TASK DETAILS: Begin with the line that holds "Keywords: night nighttime" and retype through the last line of the listing below, exactly; pictures are not part of the copy.

DATASET CONTENT: Begin

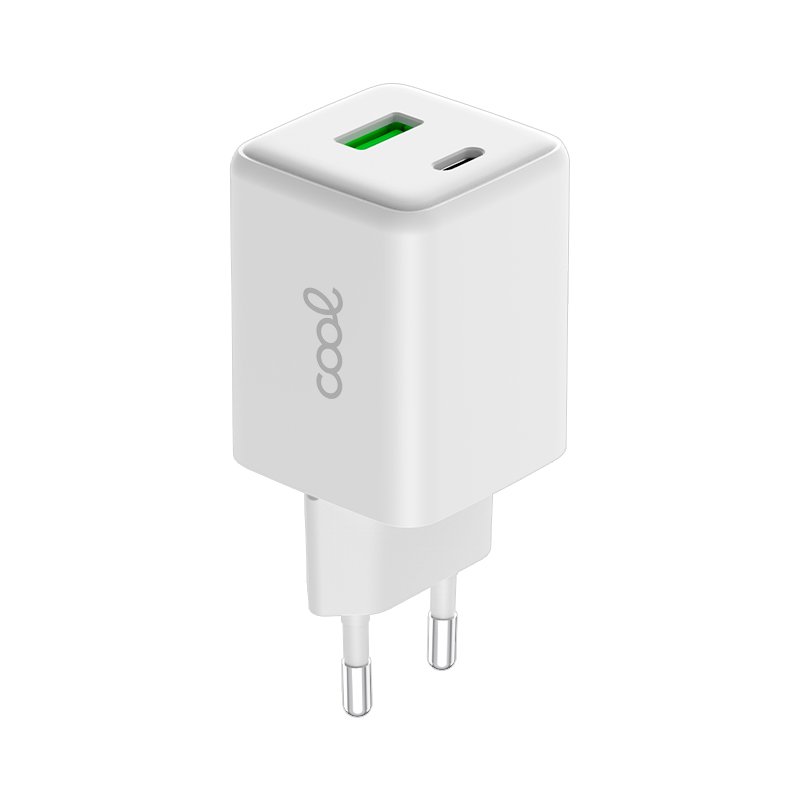 Adaptador Tipo-C con 45W de Potencia, Ultra Fast Charger, con 1 puerto Tipo - C y un puerto USB.
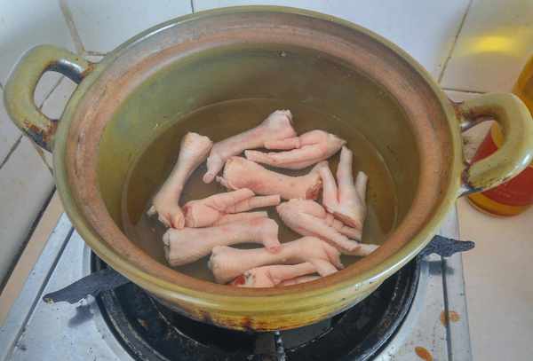 第二步:将炖锅洗净放入处理好的凤爪,加足量水,加入料酒,将凤爪用冷水煮5分钟,用冷水冲洗干净备用。
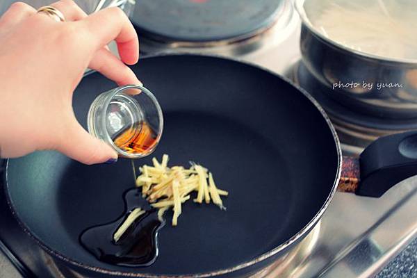 先用麻油把薑絲爆香。我都煎約5分鐘,煎到薑有點乾乾的。
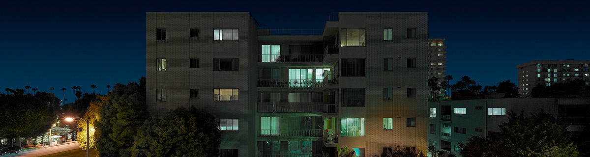 Keywords: night nighttime apartment residential trees clear sky fourth floor 4th Beverly Hills apartments cloudless palm trees
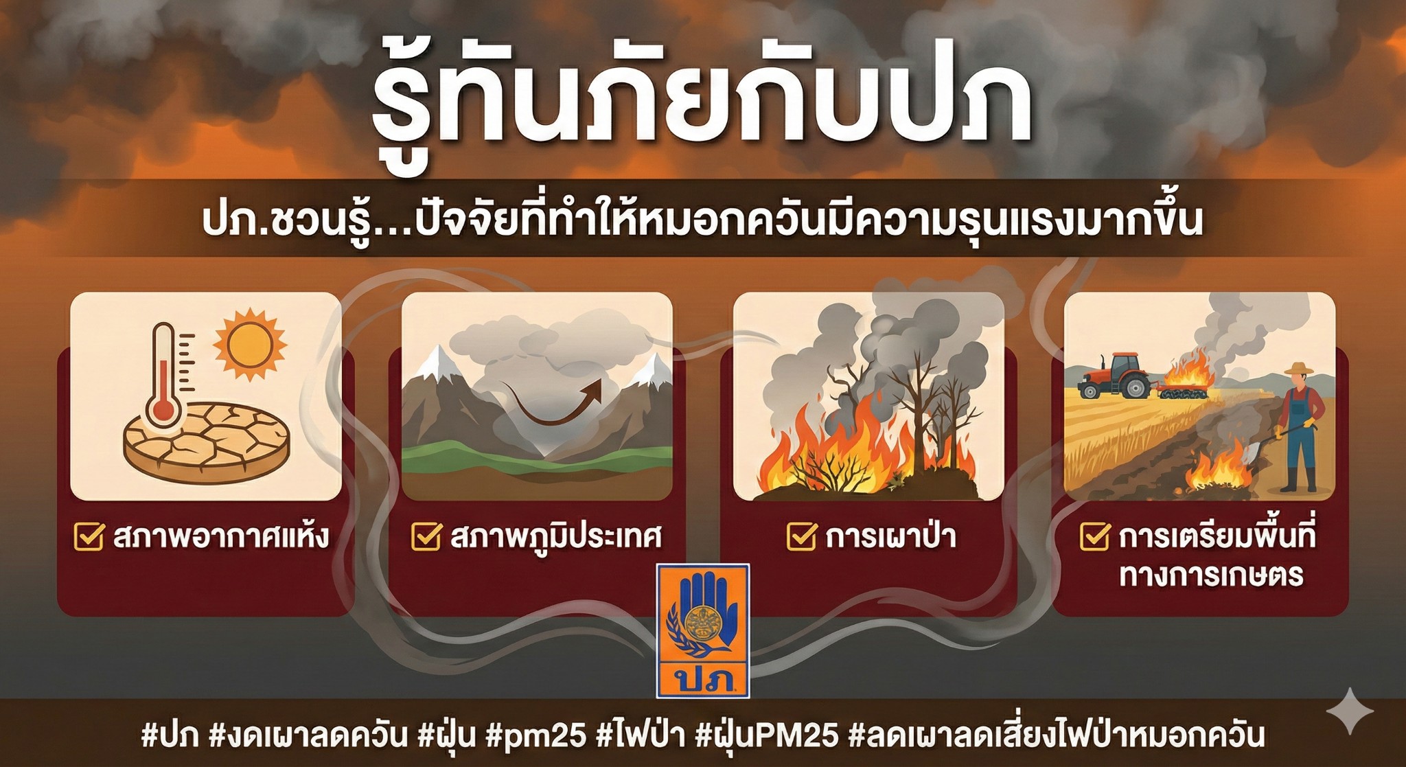 ทาง ปภ. ได้สรุป 4 ปัจจัยหลัก ที่ทำให้สถานการณ์หมอกควันแย่ลง ดังนี้ครับ:

DATASET CONTENT: End

RESPONSE TO THE TASK:
 Keywords: night nighttime apartment residential trees clear sky fourth floor 4th Beverly Hills apartments cloudless palm trees
 ทาง ปภ. ได้สรุป 4 ปัจจัยหลัก ที่ทำให้สถานการณ์หมอกควันแย่ลง ดังนี้ครับ:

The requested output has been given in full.